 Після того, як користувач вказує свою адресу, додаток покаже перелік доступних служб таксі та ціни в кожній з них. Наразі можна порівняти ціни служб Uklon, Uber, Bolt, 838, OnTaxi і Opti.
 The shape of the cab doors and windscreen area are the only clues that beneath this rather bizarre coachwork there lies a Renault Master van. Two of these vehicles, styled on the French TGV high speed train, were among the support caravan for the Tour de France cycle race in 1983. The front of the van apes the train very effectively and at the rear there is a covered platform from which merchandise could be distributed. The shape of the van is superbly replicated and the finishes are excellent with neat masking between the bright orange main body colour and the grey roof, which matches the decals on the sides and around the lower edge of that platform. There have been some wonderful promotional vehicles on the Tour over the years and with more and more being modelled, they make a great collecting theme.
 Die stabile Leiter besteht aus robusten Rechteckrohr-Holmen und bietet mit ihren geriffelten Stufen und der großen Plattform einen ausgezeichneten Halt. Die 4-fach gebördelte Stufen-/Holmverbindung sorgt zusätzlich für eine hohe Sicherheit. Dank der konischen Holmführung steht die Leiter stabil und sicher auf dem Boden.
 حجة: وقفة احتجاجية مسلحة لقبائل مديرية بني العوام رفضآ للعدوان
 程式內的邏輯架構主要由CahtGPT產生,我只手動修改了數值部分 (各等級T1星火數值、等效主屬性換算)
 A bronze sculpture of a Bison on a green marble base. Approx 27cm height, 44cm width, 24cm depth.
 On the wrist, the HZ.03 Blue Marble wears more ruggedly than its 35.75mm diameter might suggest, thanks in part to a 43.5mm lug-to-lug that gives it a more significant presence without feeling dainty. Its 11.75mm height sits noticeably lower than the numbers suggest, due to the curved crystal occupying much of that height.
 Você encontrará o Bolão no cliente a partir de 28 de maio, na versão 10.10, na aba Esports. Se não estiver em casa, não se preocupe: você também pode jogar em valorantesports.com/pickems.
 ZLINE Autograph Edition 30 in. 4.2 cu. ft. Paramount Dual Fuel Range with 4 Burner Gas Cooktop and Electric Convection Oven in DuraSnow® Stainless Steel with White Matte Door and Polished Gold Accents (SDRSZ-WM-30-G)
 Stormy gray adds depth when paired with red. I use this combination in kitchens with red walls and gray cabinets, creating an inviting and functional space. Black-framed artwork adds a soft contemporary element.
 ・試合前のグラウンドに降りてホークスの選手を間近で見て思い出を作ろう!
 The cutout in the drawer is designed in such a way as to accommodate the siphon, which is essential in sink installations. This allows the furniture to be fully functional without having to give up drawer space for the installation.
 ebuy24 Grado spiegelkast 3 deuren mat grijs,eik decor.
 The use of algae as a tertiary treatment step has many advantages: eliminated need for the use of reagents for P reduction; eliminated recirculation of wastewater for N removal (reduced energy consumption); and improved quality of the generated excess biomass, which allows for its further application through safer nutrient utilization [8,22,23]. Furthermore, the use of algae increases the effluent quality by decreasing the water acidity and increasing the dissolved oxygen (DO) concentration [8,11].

About this exercise:
Report every line of the records that contains the word "space".

Exercise output:
 Stormy gray adds depth when paired with red. I use this combination in kitchens with red walls and gray cabinets, creating an inviting and functional space. Black-framed artwork adds a soft contemporary element.
 The cutout in the drawer is designed in such a way as to accommodate the siphon, which is essential in sink installations. This allows the furniture to be fully functional without having to give up drawer space for the installation.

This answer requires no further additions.